Raised in Arlington, educated at St. Mary’s High in Waltham, Driscoll came from a family of nine kids. Alas, he was the one without much athletic talent. A self-professed “ham-and-egger” he still managed to make the game-winning shot as St. Mary’s upset Braintree in a Tech Tourney game at the old Garden.

Following a couple of uneventful seasons in the Intercity League, Driscoll proudly followed the athletic exploits of his younger brothers. One of them, Jim Driscoll, played two seasons in the big leagues with the A’s and Rangers. Another brother, Mark Driscoll, played baseball and football at the University of Arizona and later logged a few years of minor league ball.

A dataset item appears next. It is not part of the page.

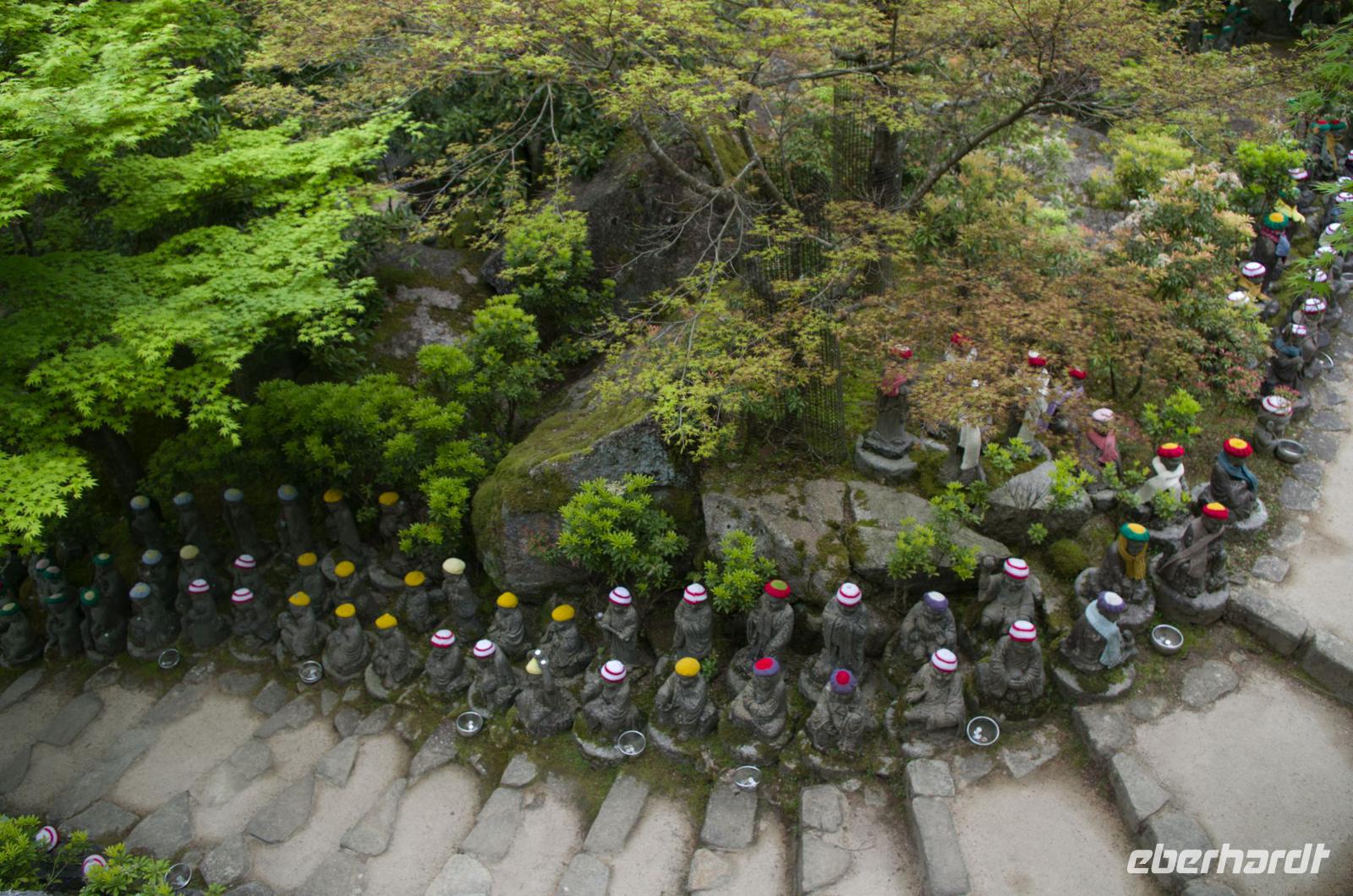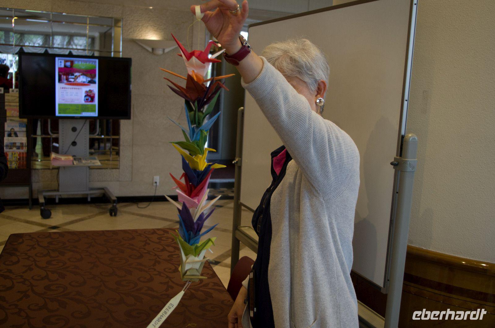 Bei strahlendem Sonnenschein und mit Panoramablick auf Hiroshima genießen wir ab 06.30 Uhr ein leckeres Frühstücksbuffet mit japanischen und europäischen Elementen im Restaurant Viale in der 15. Etage. Bereits während und auch nach dem Frühstück erhalten wir von Chisako eine kurze Einführung in die Papierfaltkunst Origami. Dies ist gar nicht so einfach, ein Versuch lohnt sich aber! Unsere gefalteten Origami-Kraniche hat Chisako auf eine Kette aufgefädelt und ein kleines Schild mit "Eberhardt No. 2" am Fadenende angebracht. Diese Kette werden wir später am Friedensdenkmal zu Ehren von Sadako Sasaki anbringen. Um 08.00 Uhr spazieren wir erneut durch den Friedenspark in Richtung des Friedensdenkmals, welches zur Erinnerung an den Abwurf der ersten Atombombe vom 6. August 1945 errichtet wurde und zum UNESCO-Weltkulturerbe gehört. Anschließend besuchen wir das Gedenkmuseum. Hier sind keine Führungen durch Reiseleiter erlaubt, so dass wir uns individuell dieses denkwürdige Museum anschauen. Wer möchte, kann sich für 300 YEN Audioführung in Deutsch ausleihen. Danach gehen wir zum Hotel zurück, checken aus und fahren mit dem Taxi zum Bahnhof in Hiroshima. Unser nicht benötigtes Handgepäck verstauen wir wieder in den Schließfächern am Bahnhof. Um 10.31 Uhr fahren wir rund 28 Minuten mit der Bahn San-yo Line von Hiroshima zur Miyajimaguchi Station. Dann spazieren wir gemeinsam zur Fährstation. An der Anlegestelle warten wir rund 15 Minuten und fahren gegen 11.25 Uhr rund zehn Minuten mit der Fähre zur Insel Miyajima im Seto-Binnenmeer. Überall auf der Insel finden sich gefräßige und manchmal auch leicht aggressive Rehe. Es ist besser, diese nicht zu füttern. Wir spazieren gemeinsam auf dieser heiligen Insel mit ihren ebenso heiligen Rehen, wo die beiden größten japanischen Religionen Shintoismus und Buddhismus aufeinander treffen. Um 12.00 Uhr besichtigen wir den berühmten Itsukushima-Schrein. Sowohl der Schrein selbst als auch das rund 431,2 Hektar umfassende Gebiet rund um den Schrein zählen seit 1996 zum Weltkulturerbe. Der Itsukushima-Schrein wurde zwar bereits im sechsten Jahrhundert gebaut, aber 1168 so umgebaut wie wir diesen heute sehen. Mitten im Meer und rund 200 Meter vor dem Hauptschrein befindet sich das zinnrote "Große Tor", das "O-Torii-Tor" mit einer Höhe von 16,6 Metern und einem Gewicht von rund 60 Tonnen sowie einem mit der Rinde einer japanischen Zypresse gedeckten circa 24,2 Meter langen Dach. Nur mit seinem Eigengewicht steht das Tor im Wasser. Es besitzt aus Campferholz errichtete Hauptsäulen und aus Zedernholz gebaute tragende Säulen. Seit der Heian-Zeit ist es heute mittlerweile das achte und seit 1875 das letzte errichtete Tor. Der Hohlraum des oberen Rahmens ist mit Steinen gefüllt, welches ein Gesamtgewicht von rund sieben Tonnen umfasst. Wir laufen nicht nur am Hautschrein entlang, sondern auch an den kleineren Schreinen wie Marodo, Deikoku und Tenjin vorbei. Zusammen mit Chisako üben wir erneut den richtigen Ablauf des Gebetsrituals. Zuerst sind eine oder mehrere Münzen einzuwerfen, dann zweimal zu verbeugen, zweimal zu klatschen, zu beten und zuletzt noch einmal zu verbeugen. Wir laufen weiter und sehen eine erhöhte Bühne. Chisako erklärt uns, dass auf dieser Bühne die sogenannten traditionellen japanischen Bugaku-Tänze vorgeführt werden, welche uralte Tänze der Umwerbung sind. Dazu gehört zum Beispiel "Nasori", der "Tanz der zwei Drachen", welcher das Zusammenspiel eines männlichen und eines weiblichen Drachens darstellen soll. Anschließend haben wir Zeit für einen individuellen Rückweg zur Fährstation oder für den Besuch der Tempelanlage Daisho-in zusammen mit unserer örtlichen Reiseleiterin Chisako. Wir finden uns alle um 13.30 Uhr an der Fährstation der Insel Miyajima ein und fahren 13.39 Uhr rund zehn Minuten zum Festland zurück. Um 14.19 Uhr startet die Fahrt von 28 Minuten mit der Bahn San-yo Line von Miyajimaguchi zur Hiroshima Station. Am Bahnhof Hiroshima entnehmen wir unser Handgepäck aus den Schließfächern. Um 15.22 Uhr fahren wir mit dem Shinkansen SAKURA 556 im Car 4 von Hiroshima nach Shin-Osaka. Wir haben abermals reservierte Sitzplätze und beim Servicewagen können wir bei Bedarf Kleinigkeiten erwerben. Des Weiteren gibt es für jeden Gast eine kleine Überraschung. Die berühmteste Süßigkeit der Insel Miyajima ist "Momiji Manju". Dies sind gefüllte Waffeln in Form eines Ahornblattes. Zur Auswahl stehen Waffeln mit den Füllungen Bohnenpaste, Vanille, Schoko oder Grüner Tee. Jeder Gast probiert eine der Süßigkeiten mit der gewünschten Füllung. In Shin-Osaka kommen wir um 16.48 Uhr an, wechseln das Gate und fahren um 17.16 Uhr mit dem Shinkansen HIKARI 530 von Shin-Osaka nach Kyoto. Dieses Mal haben wir zwar keine reservierten Sitzplätze, aber dennoch hat jeder einen Sitzplatz! Bereits um 17.33 Uhr erreichen wir den Kyoto Bahnhof. Wir besichtigen diesen beeindruckenden architektonischen Bau von Hiroshi Hara und laufen den sich 45 Meter über der Zentralhalle befindenden Skyway entlang. Dann spazieren wir zum Restaurant. Um 18.15 Uhr gönnen wir uns ein leckeres "Tempura"-Abendessen mit in der Teighülle frittierten Speisen wie Meeresfrüchten, Fisch und Gemüse. Um 19.00 Uhr spazieren wir wieder zur Kyoto Station und fahren um 19.15 Uhr mit der Metro Karasuma Line 27 Minuten zur Kokusaikaikan Station. Von hier aus sind es nur wenige Gehminuten zum 4-Sterne-Plus-Hotel "Grand Prince Hotel Kyoto" in Kyoto. Nach einem problemlosen Check-In verabschieden wir uns nach einem tollen, aber auch langen Tag voneinander. Neben mehreren Zug- und Metrofahrten sind wir rund drei Kilometer mit dem Taxi gefahren sowie circa 12,0 Kilometer und 17.327 Schritte zu Fuß gelaufen.

“When we played in the College World Series in ’70, Joe and my other brothers came out to Omaha to watch me,” Mark Driscoll said. “We got bounced in two straight, and Joe said, ‘OK, you’re done. We’re going to watch Jimmy play.’ Jimmy was playing for the A’s Triple-A club in Des Moines.”

The brothers drove to Des Moines, only to discover that Jim Driscoll had been called up by the A’s. No problem: They got on a plane and were in Detroit for Jim’s first major league at-bat.

Years later, Joe Driscoll returned to Omaha, this time as an umpire. He was behind the plate when Texas right-hander Roger Clemens pitched his last collegiate game.

Driscoll is survived by his wife, Cindy, and their three children, Todd, Kimberly and Matthew.